$avvy $undays #4: Expecting Unexpected Income and Saving for an Unexpected Rainy Day

In about two weeks time it will be Chinese New Year… and that usually means UNEXPECTED INCOME! If you’re not familiar with what goes on during Chinese New Year, basically our parents or elders will give the children who are still single, or younger family members, a red packet filled with MONEY. Of course, it doesn’t always have to be Chinese New Year to have unexpected income; it could be more bonus than you thought, or birthday gifts, or even striking the lottery. So what do you do with these extra unexpected income comes your way?

Oftentimes, it could be so easy to just simply blow up all these “extra” money at one go on things that we’ve been lusting after but have no real need for; like 10 Tom Ford lipsticks or the entire set of brushes from Hakuhodo. Because these “extra” money just doesn’t register on our minds as being hard-earned, or even occur to us that these are just like money from anywhere else – so it should be treated in the same way as how you treat your regular paycheck.

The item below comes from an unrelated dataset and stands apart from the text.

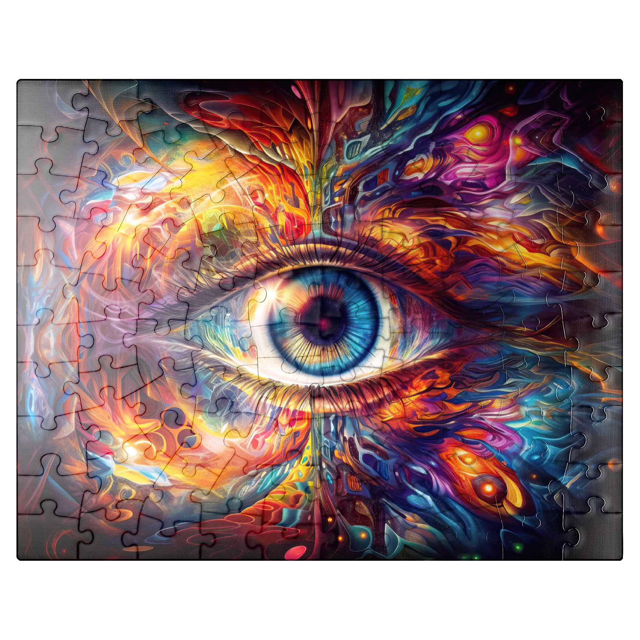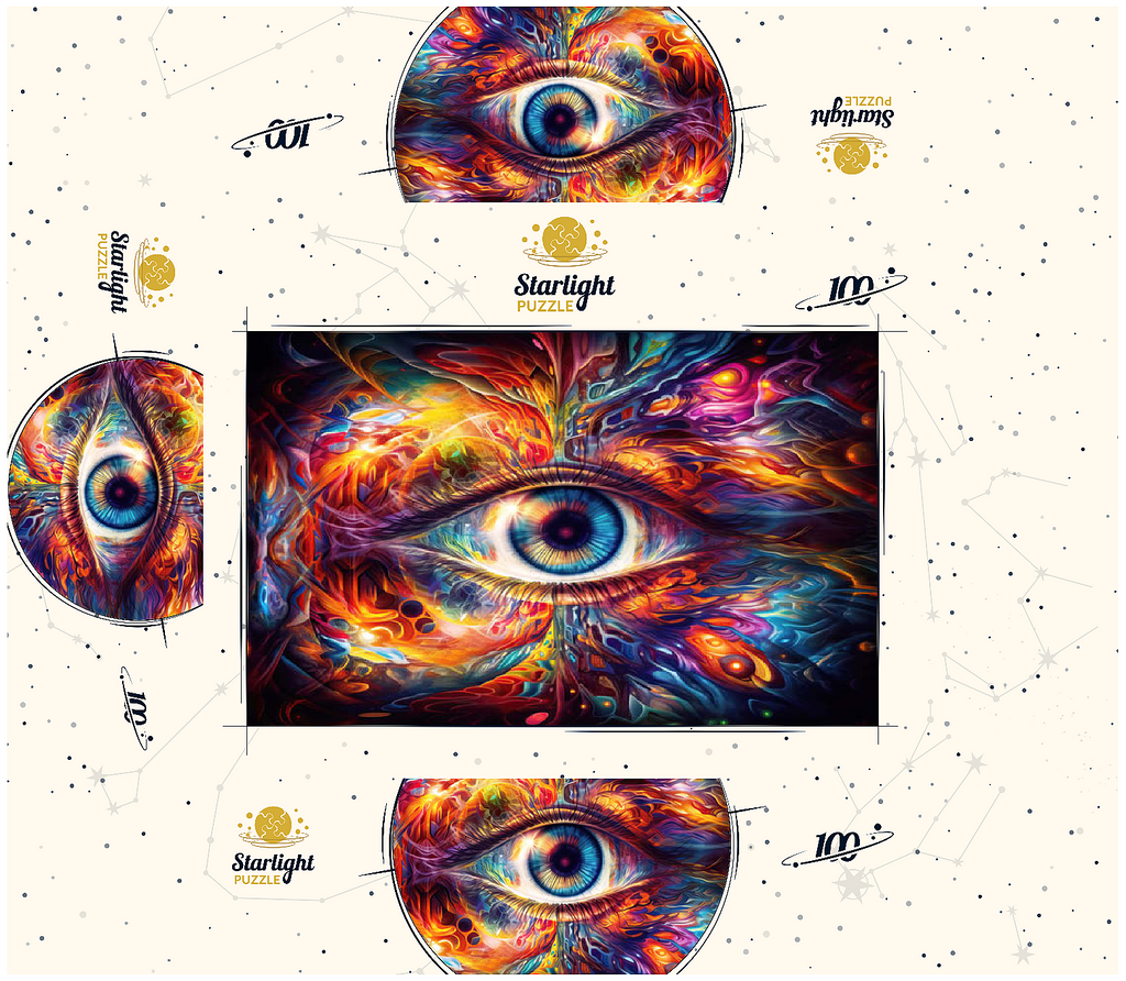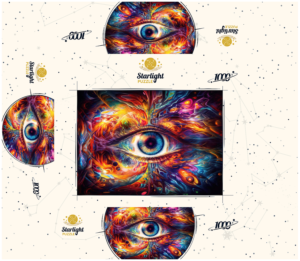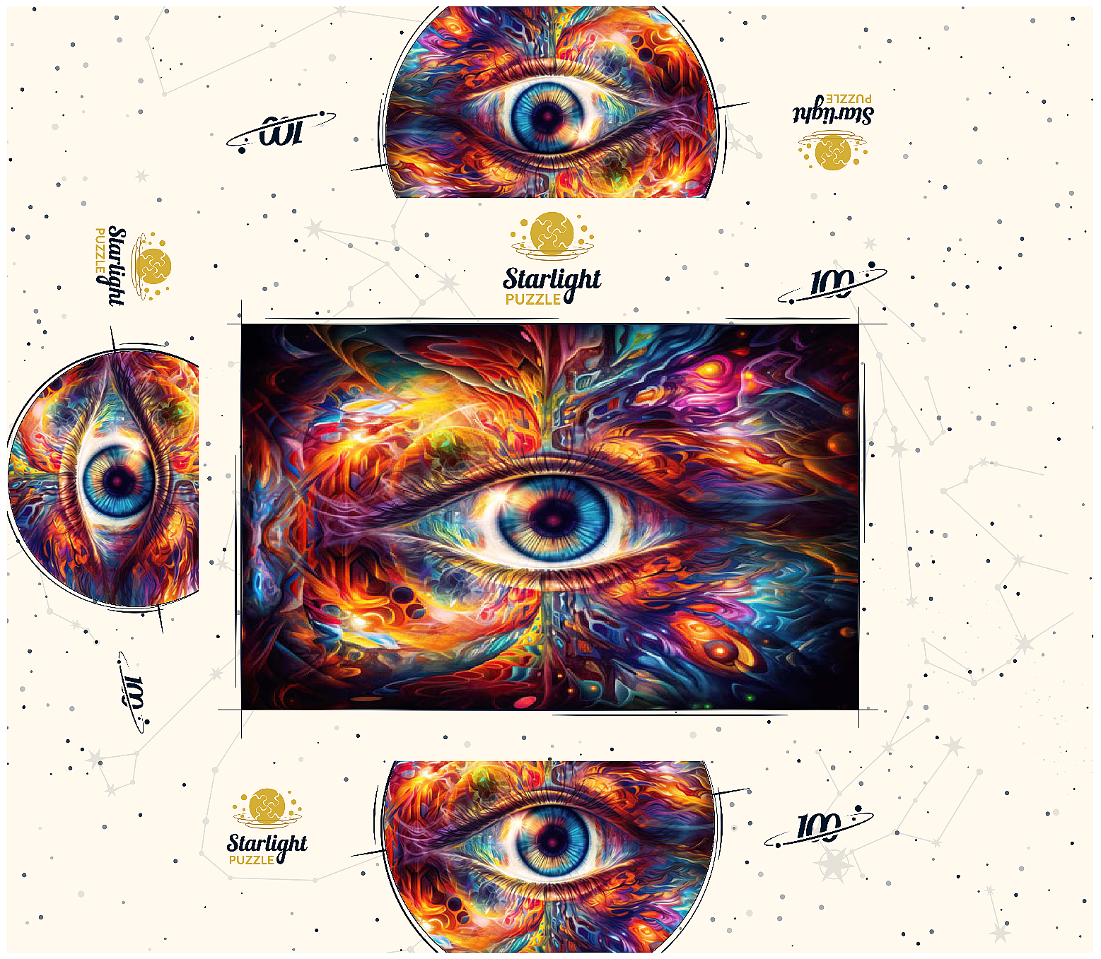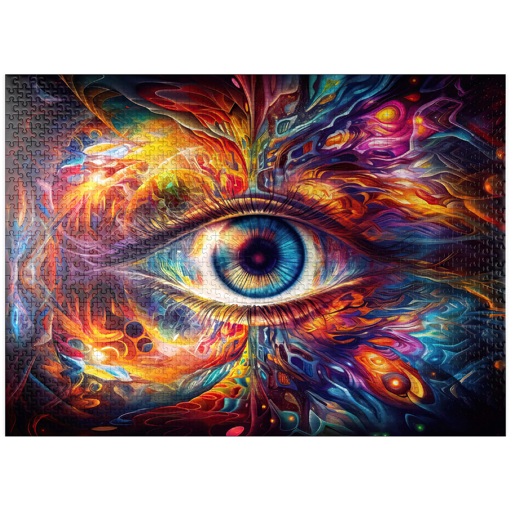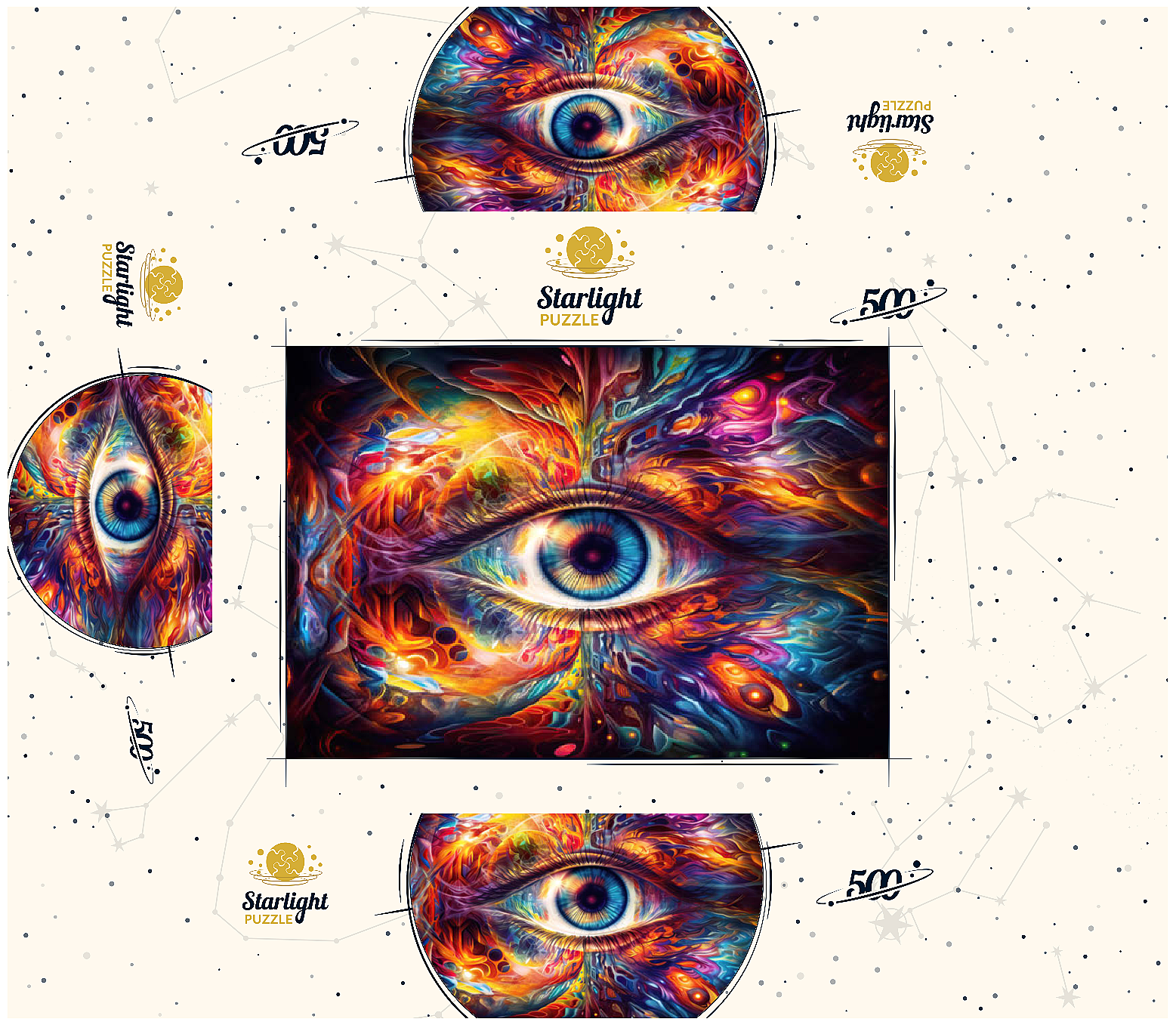 This stunning psychedelic artwork features a mesmerizing, hyper-detailed eye surrounded by a cosmic explosion of colors and intricate patterns. The iris glows with deep blues and radiant golds, symbolizing perception, enlightenment, and higher consciousness. Swirling hues of fiery orange, electric purple, and celestial blue blend seamlessly, evoking a sense of transcendence and infinite depth. The fusion of abstract and visionary art elements creates a dreamlike, almost otherworldly aesthetic, making this piece perfect for those drawn to surrealism, mysticism, and psychedelic visuals. A captivating representation of cosmic awareness, introspection, and boundless imagination.

As usual, I’m definitely not saying that you shouldn’t spend any of your money. But I think we should restrict ourselves to say, 1 Tom Ford lipstick, instead of going crazy. There needs to be a plan on the ready, about what you want to do when unexpected income comes your way, the same way that there should be a savings plan for your regular income. What I usually do when I get unexpected income is to put equal percentages as my regular savings into my bank account – so if I’m now saving 30% of my income every month, I would put 30% of these unexpected income into my savings as well. Whatever leftover that is not spent, will also go into my savings account.

This way, we also build a buffer for when an unexpected rainy day comes along. Then, we don’t have to look back and be upset that we blew up what we could have used to pay for the unexpected expenditures (or at least part of it) on something that we didn’t really need at all.

What about you? Do you make a point of saving unexpected income as well?